FIGURE 1. Acetyl-CoA conversion to acetic acid, ethanol, and 2,3-butanediol. Abbreviations: 2 [H], reducing equivalents (either NADH or NADPH); 2,3-BDH, 2,3-butanediol dehydrogenase; ACK, acetate kinase; ADHE, bifunctional aldehyde/alcohol dehydrogenase; AOR, aldehyde:ferredoxin oxidoreductase; ALDC, acetolactate decarboxylase; ALS, acetolactate synthase; Fd, ferredoxin; PFOR, pyruvate:ferredoxin oxidoreductase; PTA, phosphotransacetylase.

Materials and Methods

Bacterial Strains

Clostridium autoethanogenum DSM 10061, C. ljungdahlii DSM 13582, and C. ragsdalei DSM 15248 were obtained from the DSMZ (Deutsche Sammlung von Mikroorganismen und Zellkulturen GmbH, Brunswick, Germany). C. coskatii ATCC PTA-10522, “PS02” was ordered from the American Type Culture Collection (ATCC) Manassas, VA 20110, USA. The organisms were cultivated under strictly anaerobic conditions in modified Tanner medium (Tanner, 2007) at 37°C. Escherichia coli XL1-Blue MRF’ (Stratagene GmbH, Heidelberg, Germany) was used for cloning experiments. E. coli strains were grown aerobically at 37°C in Luria-Bertani (LB) medium (Green and Sambrook, 2012). E. coli strains were maintained in LB medium supplemented with 25% (v/v) glycerol at -80°C.

Growth Conditions

Heterotrophic growth was performed with 40 mM fructose under an atmosphere of N2 + CO2 (80% + 20%), while synthesis gas (50% CO, 45% H2, 5% CO2,) was used for autotrophic growth at a pressure of 100 kPa. The modified Tanner medium (Tanner mod. medium) based on medium ATCC 1754 (Tanner, 2007) was slightly modified regarding concentrations of various components. Tanner mod. medium components (per L): 2-(N-morpholino) ethanesulfonic acid (MES) 20.0 g, yeast extract 0.5 g, mineral solution 25.0 mL, trace element solution 10 mL, vitamin solution 10 mL, resazurin 0.5 mg, cysteine-HCl × H2O 1 g. Mineral solution (per 500 mL): NaCl 40 g, NH4Cl 50 g, KCl 5 g, KH2PO4 5 g, MgSO4 × 7 H2O 10 g, CaCl2 × 2 H2O 2 g.
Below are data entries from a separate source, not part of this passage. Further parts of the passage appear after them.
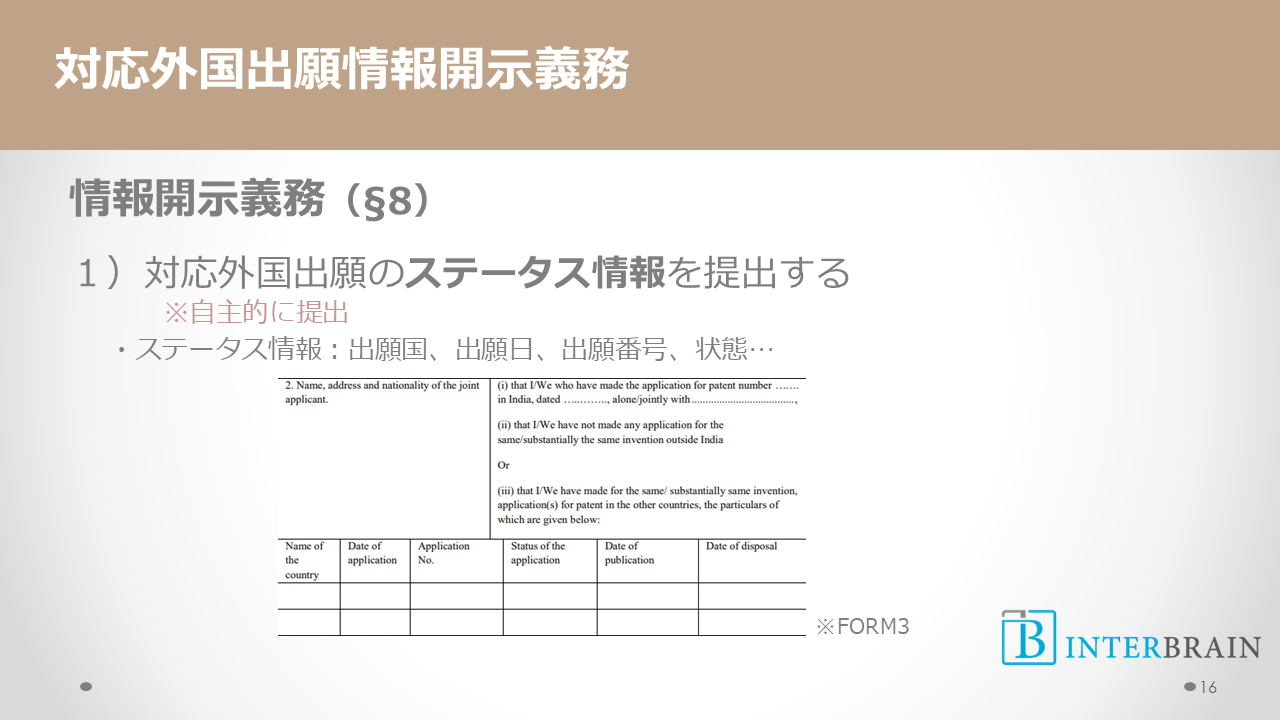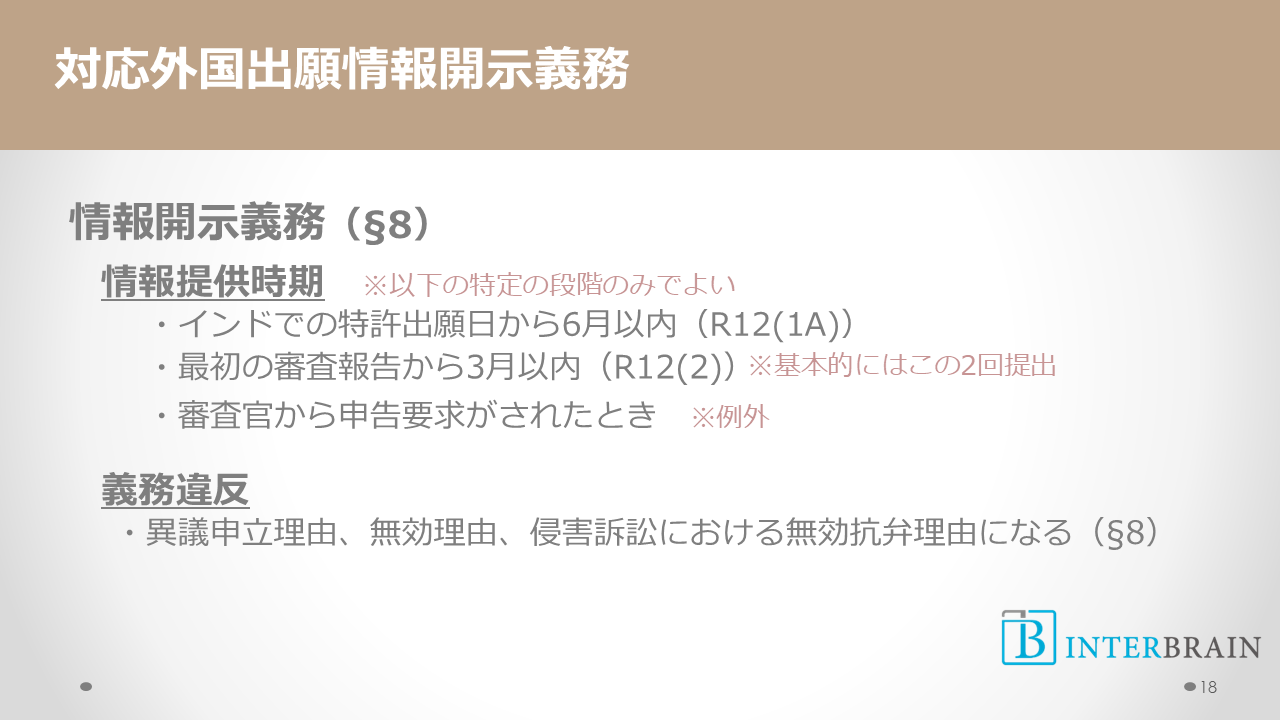 対応外国出願(ファミリー出願)に関して情報開示の義務があります。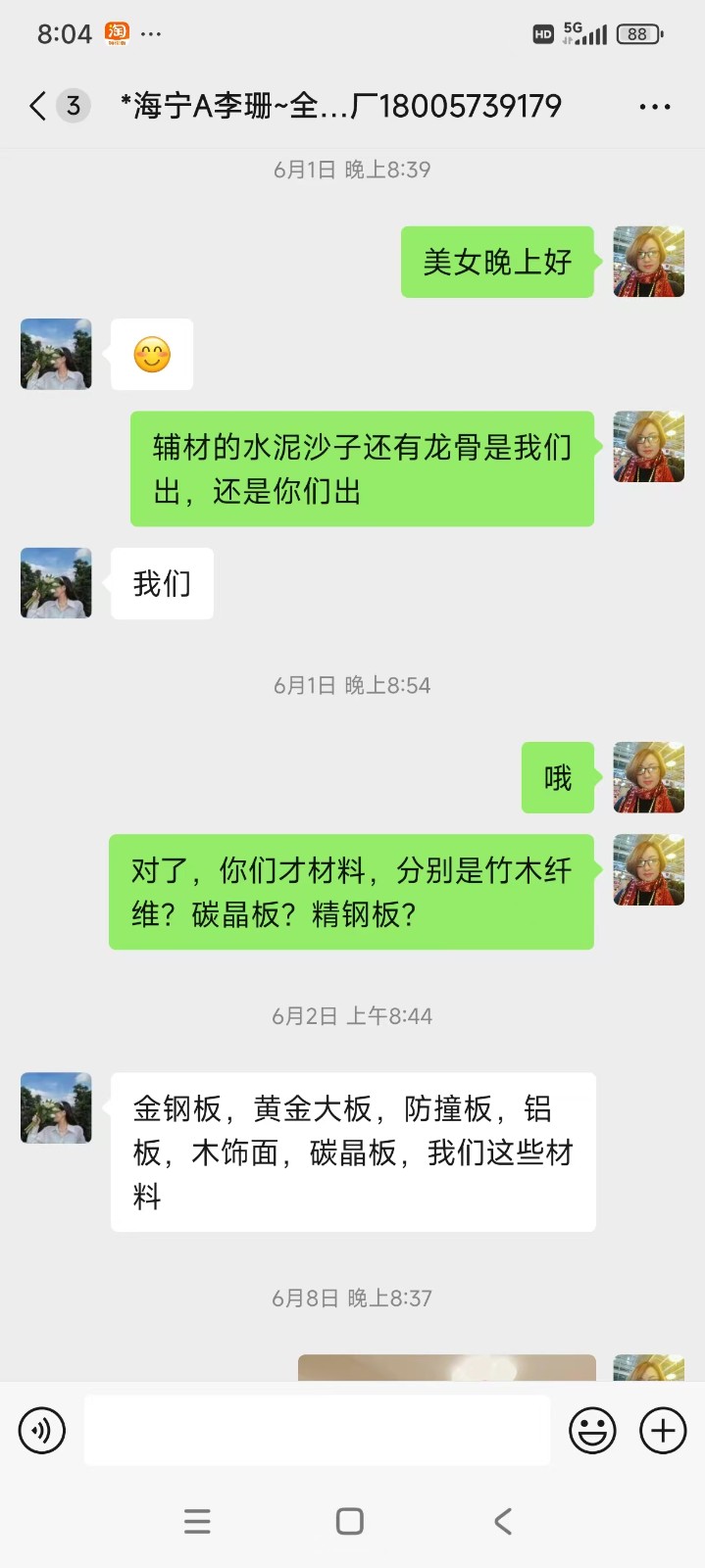 且期間多次在線上/電話咨詢價(jià)格最低可以做到多少錢,對(duì)方一直沒(méi)有給到明確答復(fù),都是說(shuō)讓過(guò)去見(jiàn)面談。當(dāng)時(shí)咨詢他們關(guān)于價(jià)格、拼接工藝、配件品牌、有沒(méi)有額外收費(fèi),回復(fù)的是他們現(xiàn)在不做別的,就是做線條包邊,輔料不管(前期線上李珊承諾水泥沙、龍骨費(fèi)用都是他們出)。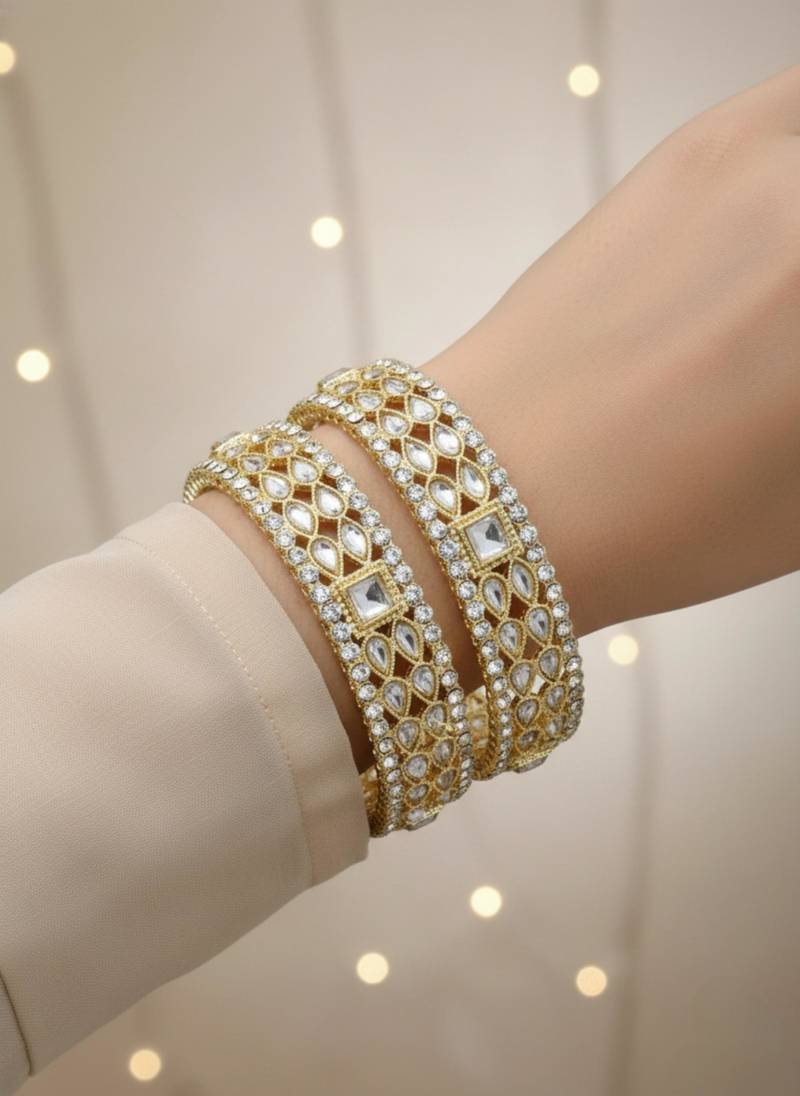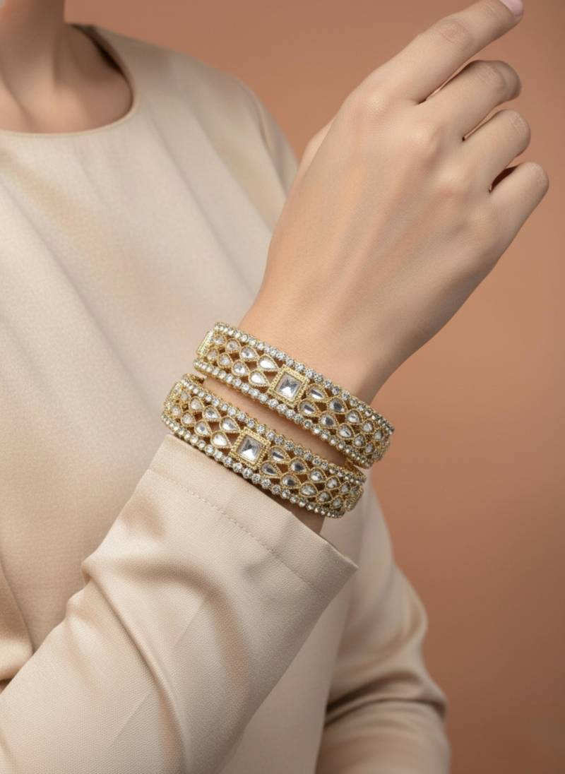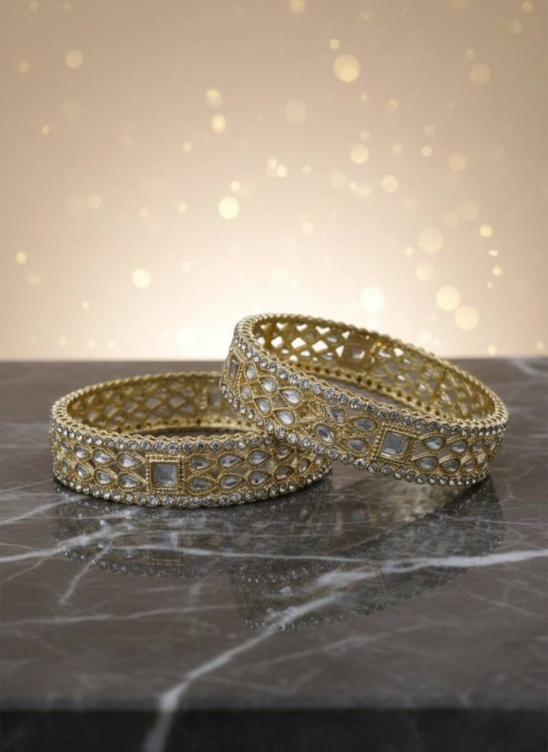 | Product Description | Enhance Your Ethnic Ensemble With These Exquisite Gold Plated Bangles, Featuring A Unique Scalloped Silhouette. Adorned With Precision Cut Kundan Stones And Delicate Beadwork, These Handcrafted Pieces Blend Traditional Artistry With Modern Flair. Perfect For Weddings Or Festive Celebrations, They Offer A Regal Touch To Any Sophisticated Jewelry Collection. |

Vitamin solution (per L): pyridoxine-HCl 10 mg, thiamine-HCl × 2 H2O 5 mg, riboflavine 5 mg, D-Ca-pantothenate 5 mg, lipoic acid 5 mg, p-aminobenzoic acid 5 mg, nicotinic acid 5 mg, vitamin B12 5 mg, biotin 2 mg, MESNA (sodium-2-mercaptoethansulfonate) 10 mg, folic acid 2 mg. For the trace element solution, it was important to dissolve first the nitrilotriacetic acid and to adjust the pH to 6.5 with KOH. Then, the other components were added, and the final pH was adjusted to 5.9 (with KOH). Trace element solution (per L): nitrilotriacetic acid 2 g, MnSO4 × H2O 1 g, Fe(NH4) (SO4)2 × 6 H2O 0.8 g, CoCl2 0.2 g, ZnSO4 × 7 H2O 1 g, CuCl2 0.02 g, NiCl2 × 6 H2O 0.2 g, Na2MoO4 × 2 H2O 0.02 g, Na2SeO3 × 5 H2O 0.1 g, Na2WO4 0.2 g. Fructose (40 mM) for heterotrophic growth was added from a sterile anaerobic stock solution.

Heterotrophic growth was carried out in 50 mL medium, using 125-mL infusion flasks (Thermo Fisher Scientific) with butyl rubber stoppers. Autotrophic growth experiments were performed with 100 mL medium in 1000-mL flasks with butyl rubber stoppers. All growth experiments were carried out in biological triplicates in an uncontrolled batch mode. Growth of cells was monitored by measuring optical density at 600 nm (OD600 nm), and metabolic end products were analyzed by high performance liquid chromatography (HPLC).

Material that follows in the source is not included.